• _Supplied records_

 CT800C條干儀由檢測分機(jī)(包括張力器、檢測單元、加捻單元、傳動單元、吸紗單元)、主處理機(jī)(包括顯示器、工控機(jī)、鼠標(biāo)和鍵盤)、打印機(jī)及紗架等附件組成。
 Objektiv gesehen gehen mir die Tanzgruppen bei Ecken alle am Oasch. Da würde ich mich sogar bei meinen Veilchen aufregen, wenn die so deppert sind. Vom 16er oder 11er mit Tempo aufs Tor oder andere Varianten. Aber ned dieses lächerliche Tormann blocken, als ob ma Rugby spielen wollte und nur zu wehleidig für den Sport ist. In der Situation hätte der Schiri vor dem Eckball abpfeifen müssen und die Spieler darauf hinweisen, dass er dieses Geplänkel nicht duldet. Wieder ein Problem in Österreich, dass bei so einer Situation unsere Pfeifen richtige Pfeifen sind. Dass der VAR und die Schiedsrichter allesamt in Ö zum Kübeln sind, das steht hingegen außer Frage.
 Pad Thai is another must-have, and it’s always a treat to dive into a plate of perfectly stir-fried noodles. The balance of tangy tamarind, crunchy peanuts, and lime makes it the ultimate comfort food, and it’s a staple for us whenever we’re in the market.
---
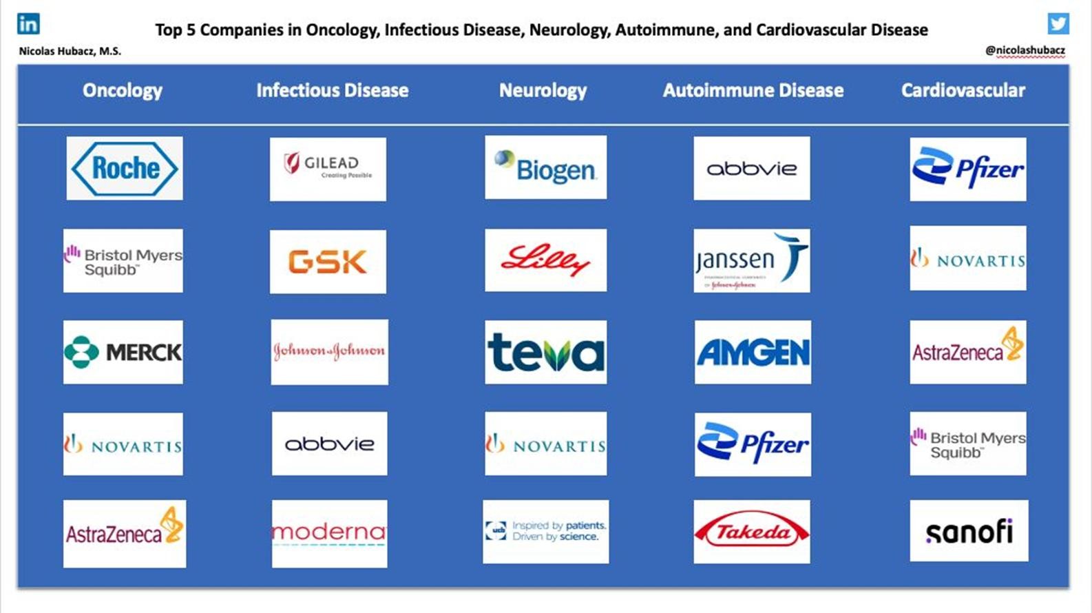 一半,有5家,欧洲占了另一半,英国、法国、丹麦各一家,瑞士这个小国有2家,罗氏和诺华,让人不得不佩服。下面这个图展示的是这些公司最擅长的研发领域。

• _Description of the task_
Exact duplication is required for the lines above, from the line that contains "Objektiv gesehen gehen" to the line that contains "Pad Thai is", inclusive; omit all others.

• _Task solution_
 Objektiv gesehen gehen mir die Tanzgruppen bei Ecken alle am Oasch. Da würde ich mich sogar bei meinen Veilchen aufregen, wenn die so deppert sind. Vom 16er oder 11er mit Tempo aufs Tor oder andere Varianten. Aber ned dieses lächerliche Tormann blocken, als ob ma Rugby spielen wollte und nur zu wehleidig für den Sport ist. In der Situation hätte der Schiri vor dem Eckball abpfeifen müssen und die Spieler darauf hinweisen, dass er dieses Geplänkel nicht duldet. Wieder ein Problem in Österreich, dass bei so einer Situation unsere Pfeifen richtige Pfeifen sind. Dass der VAR und die Schiedsrichter allesamt in Ö zum Kübeln sind, das steht hingegen außer Frage.
 Pad Thai is another must-have, and it’s always a treat to dive into a plate of perfectly stir-fried noodles. The balance of tangy tamarind, crunchy peanuts, and lime makes it the ultimate comfort food, and it’s a staple for us whenever we’re in the market.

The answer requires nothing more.